The Sky Below, the Ocean Above, 2014.
Acrylic, serigraph, stone, sand, water, insect wings, glue, canvas,
In The Sky Below, the Oceans Above the collision of materials combine in a crowded, shimmering image of the artist’s psyche. The bramble of purple brushstrokes layered atop dragonfly wings, shattered glass, sand, and a water-damaged photograph of a man’s obscured, smiling face, are all glued atop a torn canvas, capturing an effluence, a senseless and collagesque irruption of the artist’s belief in the value and possibility of art that paralyzed his late twenties spent in Italy.
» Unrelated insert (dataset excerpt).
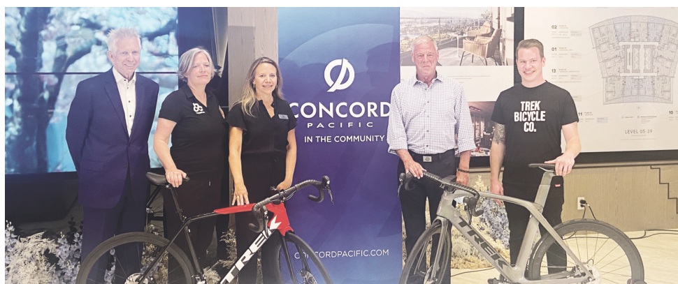
單車節 協平世博宣布本月22日將會舉辦鐵道鎮單車節。

為了慶祝世界最大型的單車綜合社區計劃即將在本那比的Concord Metrotown社區啓動，本月22日將會舉辦Tour de Concord鐵道鎮單車節。

There, each night, he wrung less and less sense from the world, falling deeper into a starless despair, the victim of a gravity well so dense and oppressive even light could not escape it. The whys flitted like winged insects, always out of reach, and discarded canvases, hundreds of them, were marred with a slash of color and then abandoned. Their corpses covered his walls and filled his room until his humid studio apartment was so crowded he could only sleep and pace in a straight line from his bed to the door.
It was then that death itself came, whispered its name, and addressed itself as the only possible art left for the artist, as the terminus of art, as the void which art seeks to escape but never can, because, it whispers, death itself the ur-art. It opened Johansson’s door and led him outside, toward black-rock cliffs that overlooked the Aegean. It filled his pockets with stones.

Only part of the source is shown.